Our training script supports several MrT5-specific training arguments:
- `delete_gate_loss_coeff` is the $\alpha$ hyperparameter of the delete gate regularizer (defaults to 0.0).
  When using a PI-controller, which dynamically sets $\alpha$, this argument sets the starting $\alpha_0$.
- `sigmoid_mask_scale` is the scale $k$ of the sigmoid activation in MrT5's delete gate (defaults to -30.0).
- `regularizer_delay` is the number of steps before applying delete gate regularizer (defaults to 0). For the diagnostic tasks, we set this to 10k steps.
- `delete_gate_layer` is the layer after which the delete gate is placed (defaults to 3, or the 3rd layer).
- `target_deletion_rate` is the desired sequence length reduction $\delta$ when using a PI-controller
  (defaults to None, i.e. no PI-controller is used).
- `controller_p` is the proportional gain $k_p$ when using a PI-controller (defaults to 0.5). This parameter is only used if `target_deletion_rate` is not None.
- `controller_i` is the integral gain $k_i$ when using a PI-controller (defaults to 1e-5). This parameter is only used if `target_deletion_rate` is not None.
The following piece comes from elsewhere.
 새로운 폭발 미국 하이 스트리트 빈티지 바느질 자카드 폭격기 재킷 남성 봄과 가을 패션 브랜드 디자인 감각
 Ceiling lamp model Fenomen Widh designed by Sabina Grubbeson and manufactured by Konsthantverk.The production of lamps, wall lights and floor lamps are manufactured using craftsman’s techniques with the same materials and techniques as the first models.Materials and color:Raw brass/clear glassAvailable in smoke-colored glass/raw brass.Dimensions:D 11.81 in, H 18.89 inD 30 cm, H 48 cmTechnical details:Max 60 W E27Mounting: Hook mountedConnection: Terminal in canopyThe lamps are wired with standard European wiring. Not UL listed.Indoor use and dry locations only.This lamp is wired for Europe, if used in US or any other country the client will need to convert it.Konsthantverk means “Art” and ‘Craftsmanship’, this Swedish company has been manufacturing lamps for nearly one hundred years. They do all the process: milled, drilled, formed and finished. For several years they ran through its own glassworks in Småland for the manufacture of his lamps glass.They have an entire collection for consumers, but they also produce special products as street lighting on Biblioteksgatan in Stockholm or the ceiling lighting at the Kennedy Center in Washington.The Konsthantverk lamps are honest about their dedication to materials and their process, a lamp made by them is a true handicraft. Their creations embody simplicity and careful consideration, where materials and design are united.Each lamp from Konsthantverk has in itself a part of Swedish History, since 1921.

Below is an example of a continued pre-training run for a MrT5 model on the span corruption task with a target
deletion rate of 40\%. You can set the PI-controller training arguments as follows:

```
python3 train.py span_corruption_multilingual \
  --warmup_steps 0 \
  --logging_steps 10 \
  --eval_steps 50 \
  --effective_batch_size 1024 \
  --per_device_train_batch_size 8 \
  --run_name mrt5_span_corruption_40% \
  --random_seed 28 \
  --max_steps 5000 \
  --use_softmax1 \
  --model_type MrT5 \
  --target_deletion_rate 0.4 \
  --controller_p 0.5 \
  --controller_i 0.00005
```

This is equivalent to $\delta = 0.4$, $k_p = 0.5$, and $k_i = 1\text{e-}5$ as described in Section 3.2 of the paper.

### Training from Scratch

By default, our script runs *fine-tuning* on top of a pre-trained ByT5
model (which corresponds to *continued pre-training* when training on the
span corruption task, as described above). However, we also support training a model from scratch with custom architecture configurations. This is how we trained models from scratch for the diagnostic task experiments.

Below is an example command to train a tiny T5 model with 3 encoder layers, 3 decoder layers, $d_{\text{ff}} = 1024$, and $d_{\text{model}} = 512$ from scratch on the vowel removal diagnostic task:

```
python3 train.py vowel_removal \
  --random_seed 59 \
  --run_name t5_vowel_removal \
  --train_from_scratch \
  --max_steps 30000 \
  --effective_batch_size 128 \
  --per_device_train_batch_size 32 \
  --per_device_eval_batch_size 32 \
  --use_softmax1 \
  --d_ff 1024 \
  --d_model 512 \
  --num_encoder_layers 3 \
  --num_decoder_layers 3 \
  --num_heads 4
```

When training MrT5 from scratch, we encourage enabling an additional *attention score regularizer* to prevent attention scores from inflating, as described in Appendix D. This can be set using the `scores_loss_coeff` parameter, referred to as $\beta$ in the paper. A value of $\beta=0.5$ worked well in practice.